Previous picture isn't possible, due to mark_postcopy_blocktime_end
is being called right after ioctl, and vCPU is waking up
inside ioctl, so check fault_addr will be after vcpu X starts.

> 
>   receive-thread       fault-thread        vcpu-thread X
>   --------------       ------------        -------------
>                                            fault at addr A1
>                        fault_addr[X]=A1
>   UFFDIO_COPY page A1
>                                            vcpu X starts
>                                            fault at addr A2
>                        fault_addr[X]=A2
>   check fault_addr[X] with A1
>     if match, clear fault_addr[X]
>         ^
>         |
>         +---------- here it will not match since now fault_addr[X]==A2
> 
> Then looks like fault_addr[X], which is currently A1, will stall
> again?

It will be another address(A2), but probably the same vCPU and if in
this case blocktime_start will be called before blocktime_end we lost
block time for page A1. Address of the page is unique key in this
process, not vCPU ;)
Here maybe reasonable to wake up vCPU after blocktime_end.



> 
> (I feel like finally we may need something like a per-cpu lock... or I
>  must have missed something)
I think no, because locking time of the vCPU is critical in this process.
> 
> > +
> > +    trace_mark_postcopy_blocktime_begin(addr, dc, dc->page_fault_vcpu_time[cpu],
> > +            cpu);
> > +}
> > +
> > +static void mark_postcopy_blocktime_end(uint64_t addr)
> > +{
> > +    MigrationIncomingState *mis = migration_incoming_get_current();
> > +    PostcopyBlocktimeContext *dc = mis->blocktime_ctx;
> > +    int i, affected_cpu = 0;
> > +    int64_t now_ms;
> > +    bool vcpu_total_blocktime = false;
> > +    unsigned long int nr_bit;
> > +
> > +    if (!dc) {
> > +        return;
> > +    }
> > +    /* mark that page as copied */
> > +    nr_bit = get_copied_bit_offset(addr);
> > +    set_bit_atomic(nr_bit, mis->copied_pages);
> > +
> > +    now_ms = qemu_clock_get_ms(QEMU_CLOCK_REALTIME);
> > +
> > +    /* lookup cpu, to clear it,
> > +     * that algorithm looks straighforward, but it's not
> > +     * optimal, more optimal algorithm is keeping tree or hash
> > +     * where key is address value is a list of  */
> > +    for (i = 0; i < smp_cpus; i++) {
> > +        uint64_t vcpu_blocktime = 0;
> > +        if (atomic_fetch_add(&dc->vcpu_addr[i], 0) != addr) {
> > +            continue;
> > +        }
> > +        atomic_xchg__nocheck(&dc->vcpu_addr[i], 0);
> 
> Why use *__nocheck() rather than atomic_xchg() or even atomic_read()?
> Same thing happened a lot in current patch.
atomic_read/atomic_xchg for mingw/(gcc on arm32) has build time check,

QEMU_BUILD_BUG_ON(sizeof(*ptr) > sizeof(void *));

it prevents using 64 atomic operation on 32 architecture, just mingw I
think, but postcopy-ram.c isn't compiling for mingw.
On other 32 platforms as I know clang/gcc allow to use 8 bytes
long variables in built atomic operations.
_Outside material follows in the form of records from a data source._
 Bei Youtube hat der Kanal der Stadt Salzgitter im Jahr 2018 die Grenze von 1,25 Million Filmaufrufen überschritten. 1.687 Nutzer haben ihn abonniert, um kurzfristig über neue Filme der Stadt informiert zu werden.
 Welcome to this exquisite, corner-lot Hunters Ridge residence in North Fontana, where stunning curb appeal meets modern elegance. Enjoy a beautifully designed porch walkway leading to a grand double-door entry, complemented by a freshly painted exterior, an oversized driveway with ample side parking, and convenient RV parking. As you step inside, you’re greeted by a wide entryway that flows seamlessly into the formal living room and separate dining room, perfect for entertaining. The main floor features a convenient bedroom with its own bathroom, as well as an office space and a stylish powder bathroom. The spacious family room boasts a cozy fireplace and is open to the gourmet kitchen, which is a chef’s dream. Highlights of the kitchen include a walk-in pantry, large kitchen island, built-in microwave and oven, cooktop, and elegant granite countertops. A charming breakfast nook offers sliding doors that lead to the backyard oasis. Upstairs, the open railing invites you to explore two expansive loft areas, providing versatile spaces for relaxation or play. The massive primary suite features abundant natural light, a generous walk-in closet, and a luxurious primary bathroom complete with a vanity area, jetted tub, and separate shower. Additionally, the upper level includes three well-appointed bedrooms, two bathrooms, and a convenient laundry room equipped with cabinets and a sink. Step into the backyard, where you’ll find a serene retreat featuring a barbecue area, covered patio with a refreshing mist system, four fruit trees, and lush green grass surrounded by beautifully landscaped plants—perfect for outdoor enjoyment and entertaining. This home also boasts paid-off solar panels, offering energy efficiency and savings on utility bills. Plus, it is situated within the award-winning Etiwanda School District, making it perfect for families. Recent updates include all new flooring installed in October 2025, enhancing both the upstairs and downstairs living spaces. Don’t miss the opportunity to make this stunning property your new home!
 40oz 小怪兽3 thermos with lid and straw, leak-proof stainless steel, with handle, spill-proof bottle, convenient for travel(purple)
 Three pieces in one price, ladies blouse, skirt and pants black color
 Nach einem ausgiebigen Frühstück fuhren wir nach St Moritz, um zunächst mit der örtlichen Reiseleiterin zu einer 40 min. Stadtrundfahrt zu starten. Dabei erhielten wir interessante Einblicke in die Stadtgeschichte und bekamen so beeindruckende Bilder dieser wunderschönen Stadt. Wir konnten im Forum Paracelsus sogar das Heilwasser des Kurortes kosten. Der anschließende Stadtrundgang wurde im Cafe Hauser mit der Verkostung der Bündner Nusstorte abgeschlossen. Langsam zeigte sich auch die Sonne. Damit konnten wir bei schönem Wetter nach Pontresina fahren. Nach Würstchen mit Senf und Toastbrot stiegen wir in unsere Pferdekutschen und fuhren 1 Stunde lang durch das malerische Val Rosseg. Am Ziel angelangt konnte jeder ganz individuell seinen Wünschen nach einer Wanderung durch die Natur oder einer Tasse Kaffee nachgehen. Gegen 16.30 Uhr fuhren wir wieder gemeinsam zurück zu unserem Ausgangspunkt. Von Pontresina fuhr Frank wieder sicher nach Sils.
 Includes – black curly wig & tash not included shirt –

In arm32 it allows in
builtin. But QEMU on arm32 still
has that sanity check, and I think it's bug, so I just worked it around.
Maybe better was to fix it.

I tested in docker, using follow command:
make docker-test-build@debian-armhf-cross

And got following error

/tmp/qemu-test/src/migration/postcopy-ram.c: In function
'mark_postcopy_blocktime_begin':
/tmp/qemu-test/src/include/qemu/compiler.h:86:30: error: static
assertion failed: "not expecting: sizeof(*&dc->vcpu_addr[cpu]) >
sizeof(void *)"
 #define QEMU_BUILD_BUG_ON(x) _Static_assert(!(x), "not expecting: " #x)

when I used atomic_xchg,
I agree with you, but I think need to fix atomic.h firstly and add additional
#ifdef there.

And I didn't want to split 64 bit values onto 32 bit values, but I saw
in mailing list people are doing it.

> 
> Thanks,
> 
> > +        vcpu_blocktime = now_ms -
> > +            atomic_fetch_add(&dc->page_fault_vcpu_time[i], 0);
> > +        affected_cpu += 1;
> > +        /* we need to know is that mark_postcopy_end was due to
> > +         * faulted page, another possible case it's prefetched
> > +         * page and in that case we shouldn't be here */
> > +        if (!vcpu_total_blocktime &&
> > +            atomic_fetch_add(&dc->smp_cpus_down, 0) == smp_cpus) {
> > +            vcpu_total_blocktime = true;
> > +        }
> > +        /* continue cycle, due to one page could affect several vCPUs */
> > +        dc->vcpu_blocktime[i] += vcpu_blocktime;
> > +    }
> > +
> > +    atomic_sub(&dc->smp_cpus_down, affected_cpu);
> > +    if (vcpu_total_blocktime) {
> > +        dc->total_blocktime += now_ms - atomic_fetch_add(&dc->last_begin, 0);
> > +    }
> > +    trace_mark_postcopy_blocktime_end(addr, dc, dc->total_blocktime);
> > +}
> > +
> >  /*
> >   * Handle faults detected by the USERFAULT markings
> >   */
> > @@ -654,8 +750,11 @@ static void *postcopy_ram_fault_thread(void *opaque)
> >          rb_offset &= ~(qemu_ram_pagesize(rb) - 1);
> >          trace_postcopy_ram_fault_thread_request(msg.arg.pagefault.address,
> >                                                  qemu_ram_get_idstr(rb),
> > -                                                rb_offset);
> > +                                                rb_offset,
> > +                                                msg.arg.pagefault.feat.ptid);
> >  
> > +        mark_postcopy_blocktime_begin((uintptr_t)(msg.arg.pagefault.address),
> > +                msg.arg.pagefault.feat.ptid, rb);
> >          /*
> >           * Send the request to the source - we want to request one
> >           * of our host page sizes (which is >= TPS)
> > @@ -750,6 +849,7 @@ int postcopy_place_page(MigrationIncomingState *mis, void *host, void *from,
> >  
> >          return -e;
> >      }
> > +    mark_postcopy_blocktime_end((uint64_t)(uintptr_t)host);
> >  
> >      trace_postcopy_place_page(host);
> >      return 0;
> > diff --git a/migration/trace-events b/migration/trace-events
> > index 5b8ccf3..7bdadbb 100644
> > --- a/migration/trace-events
> > +++ b/migration/trace-events
> > @@ -112,6 +112,8 @@ process_incoming_migration_co_end(int ret, int ps) "ret=%d postcopy-state=%d"
> >  process_incoming_migration_co_postcopy_end_main(void) ""
> >  migration_set_incoming_channel(void *ioc, const char *ioctype) "ioc=%p ioctype=%s"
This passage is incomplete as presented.